Segment Start: Exercise data

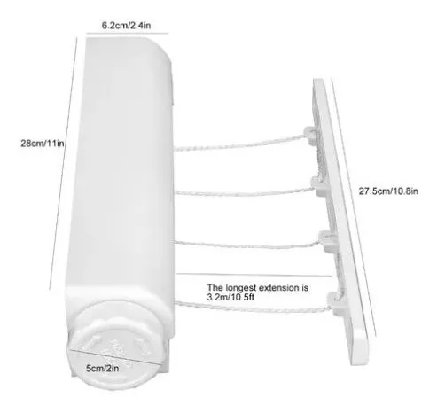 ÙTIL Y ELEGANTE TENDEDERO RETRÀCTIL EXTENSIBLE 4 LINEAS Característica: 1. Pueden soportar una carga de aproximadamente 8 kg / 282,2 oz y el bastidor es fácil de usar. 2. El tendedero se puede bloquear a la longitud requerida y el mecanismo de bloqueo puede mantener el hilo en su lugar. 3. Un tendedero práctico que ahorra espacio para baños, cocinas, balcones o terrazas. 4. El tendedero retráctil compacto proporciona mucho espacio para la ropa. 5. Se fija fácilmente entre dos paredes, puede expandirse a 3,2 m / 10,5 pies (cuatro cuerdas) sin restricciones. Especificación: Condición: 100% nuevo Tipo de artículo: tendedero Material: Plástico Color: como se muestra en las imágenes Retráctil: sí Estilo: moderno y sencillo. Lista de paquetes: 1 x tendedero 4 x tornillo 4 x tornillos La pieza decorativa azul / rosa se envía al azar.
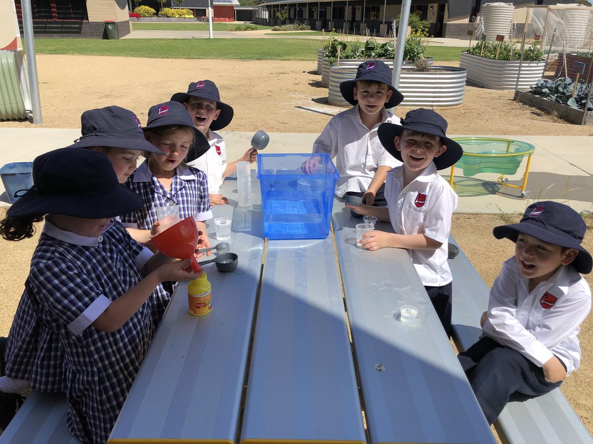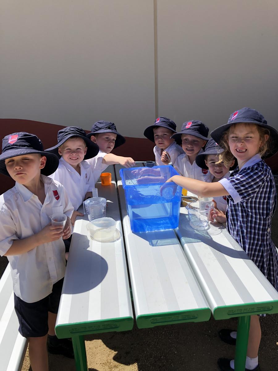 The Kinder’s enjoyed estimating and investigating the volume and capacity of different containers in the sunshine this week.
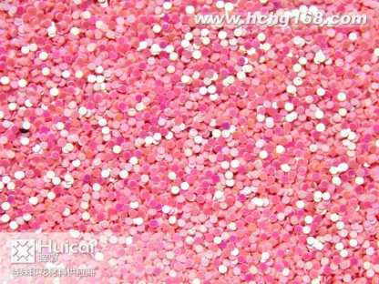 圆形金葱粉:又名圆形闪光片。包括幻彩片,镭射片、金片和银片等。主要材质有PETPVC两种材质。大小规格(size)由1.0mm10.0mm)。形状规则为圆形状,并有多种颜色可供选择。各种材质金葱粉可不同程度承受高温(由80*C,180*C,300*C不等) 。
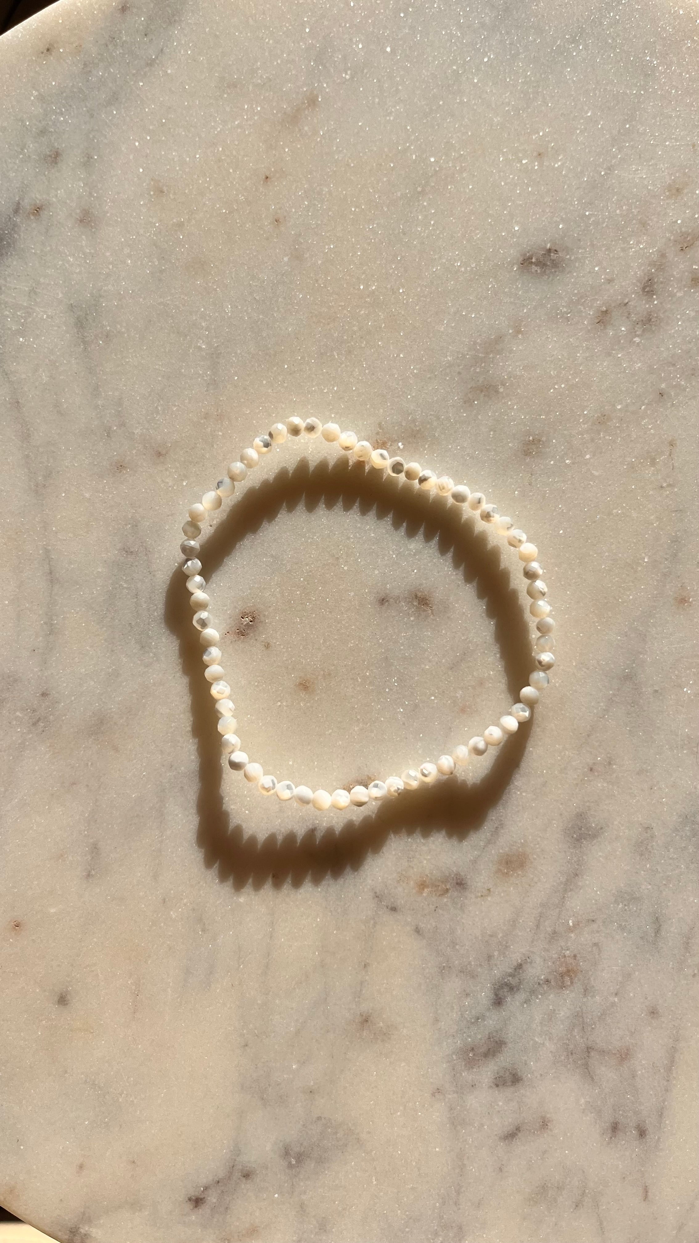 Dieses zarte, facettierte Perlmutt Armband besteht aus feinen 3mm Perlen und begeistert durch seinen eleganten, dezenten Glanz. Die Facettierung verleiht den Perlen ein wunderschönes Funkeln bei jeder Bewegung und macht das Armband zu einem stilvollen Begleiter im Alltag sowie zu besonderen Anlässen. 💫

Segment End: Exercise data

It would help to have the listing above repeated exactly, with all images removed.

 ÙTIL Y ELEGANTE TENDEDERO RETRÀCTIL EXTENSIBLE 4 LINEAS Característica: 1. Pueden soportar una carga de aproximadamente 8 kg / 282,2 oz y el bastidor es fácil de usar. 2. El tendedero se puede bloquear a la longitud requerida y el mecanismo de bloqueo puede mantener el hilo en su lugar. 3. Un tendedero práctico que ahorra espacio para baños, cocinas, balcones o terrazas. 4. El tendedero retráctil compacto proporciona mucho espacio para la ropa. 5. Se fija fácilmente entre dos paredes, puede expandirse a 3,2 m / 10,5 pies (cuatro cuerdas) sin restricciones. Especificación: Condición: 100% nuevo Tipo de artículo: tendedero Material: Plástico Color: como se muestra en las imágenes Retráctil: sí Estilo: moderno y sencillo. Lista de paquetes: 1 x tendedero 4 x tornillo 4 x tornillos La pieza decorativa azul / rosa se envía al azar.
 The Kinder’s enjoyed estimating and investigating the volume and capacity of different containers in the sunshine this week.
 圆形金葱粉:又名圆形闪光片。包括幻彩片,镭射片、金片和银片等。主要材质有PETPVC两种材质。大小规格(size)由1.0mm10.0mm)。形状规则为圆形状,并有多种颜色可供选择。各种材质金葱粉可不同程度承受高温(由80*C,180*C,300*C不等) 。
 Dieses zarte, facettierte Perlmutt Armband besteht aus feinen 3mm Perlen und begeistert durch seinen eleganten, dezenten Glanz. Die Facettierung verleiht den Perlen ein wunderschönes Funkeln bei jeder Bewegung und macht das Armband zu einem stilvollen Begleiter im Alltag sowie zu besonderen Anlässen. 💫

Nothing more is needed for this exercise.